COLLECTED DATA:
--- START ---
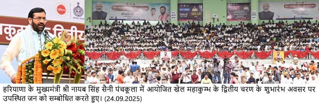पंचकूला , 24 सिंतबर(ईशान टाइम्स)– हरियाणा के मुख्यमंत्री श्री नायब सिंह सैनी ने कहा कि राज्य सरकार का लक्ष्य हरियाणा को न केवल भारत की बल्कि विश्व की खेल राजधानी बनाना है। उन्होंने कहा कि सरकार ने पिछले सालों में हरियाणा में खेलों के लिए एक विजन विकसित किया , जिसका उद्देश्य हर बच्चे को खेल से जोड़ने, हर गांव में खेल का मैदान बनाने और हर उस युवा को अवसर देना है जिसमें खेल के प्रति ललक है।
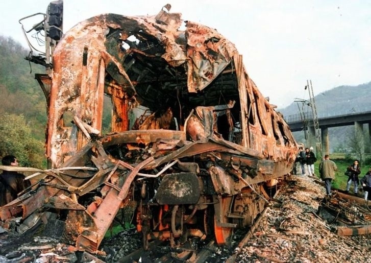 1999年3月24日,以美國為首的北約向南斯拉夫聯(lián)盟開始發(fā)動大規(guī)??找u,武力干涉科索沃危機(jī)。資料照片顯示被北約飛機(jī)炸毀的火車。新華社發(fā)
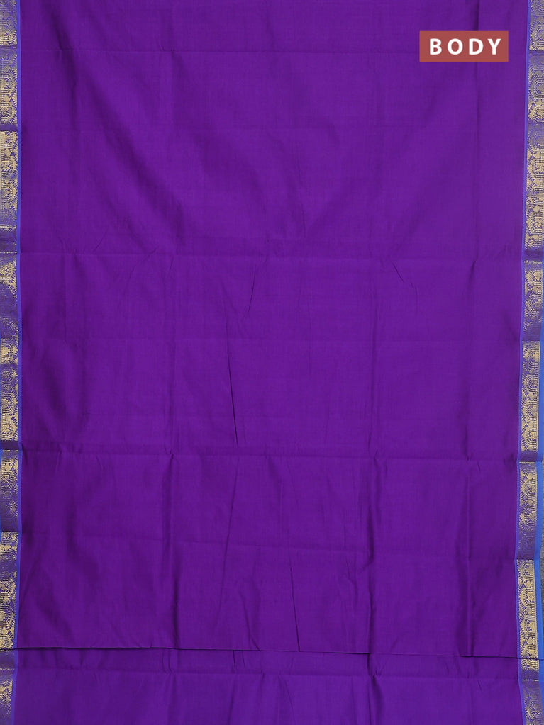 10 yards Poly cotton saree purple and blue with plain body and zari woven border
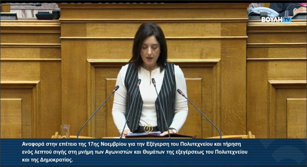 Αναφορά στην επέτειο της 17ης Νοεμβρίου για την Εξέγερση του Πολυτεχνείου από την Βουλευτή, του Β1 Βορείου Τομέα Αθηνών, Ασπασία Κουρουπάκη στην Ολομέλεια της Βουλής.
--- END ---
WHAT YOU ARE ASKED TO DO:
If a picture falls within the lines from the one containing "1999年3月24日,以美國" through the end of the material, leave it out while repeating those lines exactly.

WRITTEN REPLY:
 1999年3月24日,以美國為首的北約向南斯拉夫聯(lián)盟開始發(fā)動大規(guī)??找u,武力干涉科索沃危機(jī)。資料照片顯示被北約飛機(jī)炸毀的火車。新華社發(fā)
 10 yards Poly cotton saree purple and blue with plain body and zari woven border
 Αναφορά στην επέτειο της 17ης Νοεμβρίου για την Εξέγερση του Πολυτεχνείου από την Βουλευτή, του Β1 Βορείου Τομέα Αθηνών, Ασπασία Κουρουπάκη στην Ολομέλεια της Βουλής.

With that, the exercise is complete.